───── SOURCE MATERIAL ─────
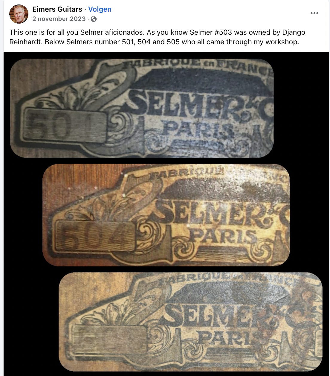 Selmer #505 itself is an authentic Selmer. It has been examined and authenticated as such by Leo Eimers (Dutch luthier and the reseller) and by Jérôme Casanova (Parisian luthier/reseller) who is situatied in Charle's old shop. Photos of the instrument taken by luthier Adam Berten can be found on my Instagram.
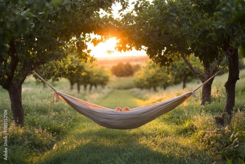 Hammock between trees in a sunny orchard during golden hour
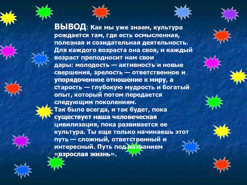 ВЫВОД: Как мы уже знаем, культурарождается там, где есть осмысленная,
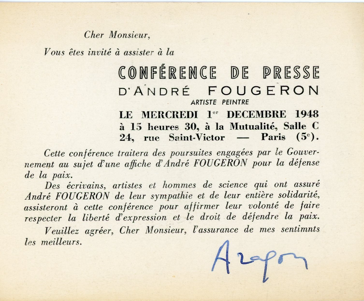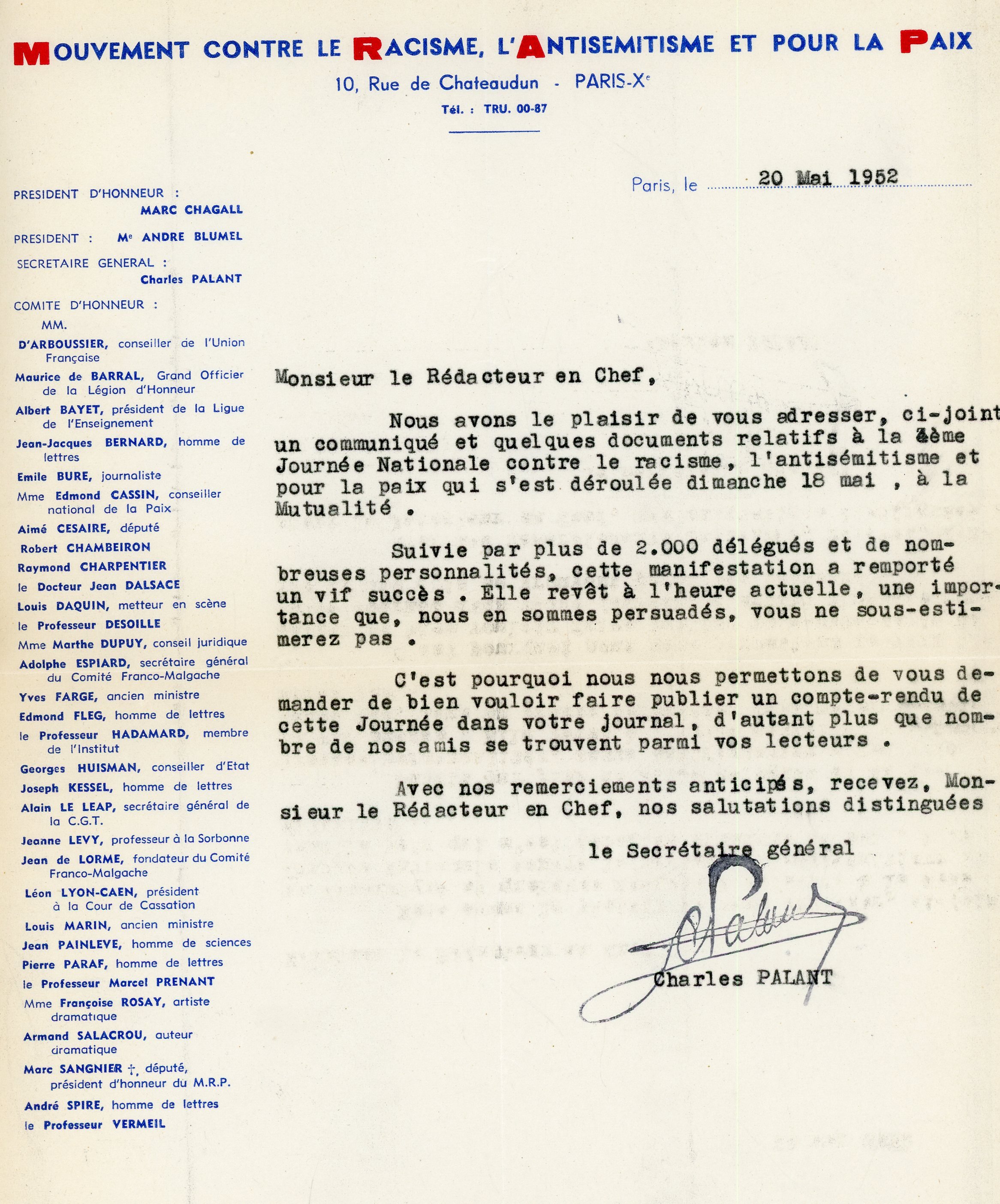 Correspondances de Louis ARAGON, Paul BOUTHONNIER (LUniversité Nouvelle), Auguste CHEVALIER, Marcel CORNU, Paul DELANOUE, Jean DELORME (comité malgache), Rémy GARÇONNET, Jean ROULON (LEcole Laïque), André STIL, Louis de VILLEFOSSE, etc.
─────
• EXERCISE INSTRUCTIONS: Without including any picture, reproduce the material above word for word.

• FINAL ANSWER:
 Selmer #505 itself is an authentic Selmer. It has been examined and authenticated as such by Leo Eimers (Dutch luthier and the reseller) and by Jérôme Casanova (Parisian luthier/reseller) who is situatied in Charle's old shop. Photos of the instrument taken by luthier Adam Berten can be found on my Instagram.
 Hammock between trees in a sunny orchard during golden hour
 ВЫВОД: Как мы уже знаем, культурарождается там, где есть осмысленная,
 Correspondances de Louis ARAGON, Paul BOUTHONNIER (LUniversité Nouvelle), Auguste CHEVALIER, Marcel CORNU, Paul DELANOUE, Jean DELORME (comité malgache), Rémy GARÇONNET, Jean ROULON (LEcole Laïque), André STIL, Louis de VILLEFOSSE, etc.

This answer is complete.